I think I have the same question...if you like your nanna why not get a new one? :dunno:


----------



## Nivek (Jan 24, 2008)

Soo glad to see the Rocker Light in there. That is by far your best bet.

Stair is camber. Why? You'll pretty much need rocker if you want to float on a downsized board.
Horrors have the rocker start just inside the inserts. It's awful. I hated it. Unstable all the time.
StairExtreme. camber, and even smaller than my jibstick this thing was too stiff to really have fun on.
Ultra is possibly a good choice, But $60 more than the Rocker Light and my experience has shown Signal bases to be faster and more durable than CAPiTA's.

If riders convince you, watch J.O.E.'s part in Shoot The Moon. here's a highlight http://snowboarding.transworld.net/1000166746/featuresobf/top-10-tricks-of-2011/7/


----------



## skitttles4life (Aug 27, 2010)

Nivek said:


> Soo glad to see the Rocker Light in there.
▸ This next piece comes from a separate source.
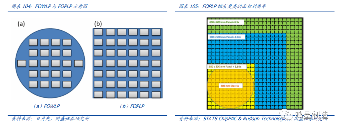 *面板级封装(Panel Level Package,简称PLP)。Fan-out有两个大类,分别为晶圆级封装(Fan-Out Wafer Level Packaging,简称FOWLP)以及面板级封装(Fan-Out Panel Level Packaging,简称FOPLP),后者相对于前者是一种更高效的封装技术,原因在于与晶圆级封装(FOWLP)不同的是,面板级封装(FOPLP)是将切割下来的晶粒重组于方形的载体panel上,而不是圆形的载体wafer上。由于方形的载体panel与矩形的芯片形状一致,因此与圆形的载体wafer相比,前者可以大大减少边角料的浪费,节约成本。根据STATS ChipRAC和Rudoph Technologies数据显示,一片500x500mm panel可处理的die数量是300mm wafer的4.54倍,600x600mm panel 是6.5倍。由此可见面板级封装(FOPLP)拥有更高的材料与面积利用率,可以节约更多的成本,获得更高的封装效率。但面板级封装也对光刻、对准、翘曲等技术提出了更高的要求。

That is by far your best bet.
> 
> Stair is camber. Why? You'll pretty much need rocker if you want to float on a downsized board.
> Horrors have the rocker start just inside the inserts. It's awful. I hated it. Unstable all the time.
> ...


I just saw the flex he got on the ultrafear and it looked like a soft board. Thanks I think im going to look to see if they have signal at my local shop.


----------



## SnowSource (Aug 21, 2011)

What part of CA?

Good Luck finding powder in Argentina btw. I cancelled my trip this last summer. Hope it changes for the better. 

I vote Lib Tech. But the T. Rice doesn't belong on your list. If you liked your skate banana maybe consider the Box Scratcher?


----------



## skitttles4life (Aug 27, 2010)

SnowSource said:


> What part of CA?
> 
> Good Luck finding powder in Argentina btw. I cancelled my trip this last summer. Hope it changes for the better.
> 
> I vote Lib Tech. But the T. Rice doesn't belong on your list. If you liked your skate banana maybe consider the Box Scratcher?


just south of san francisco, its between the skate banana and the signal light rocker, I'm thinking signal but im going to see if the shop has them.


----------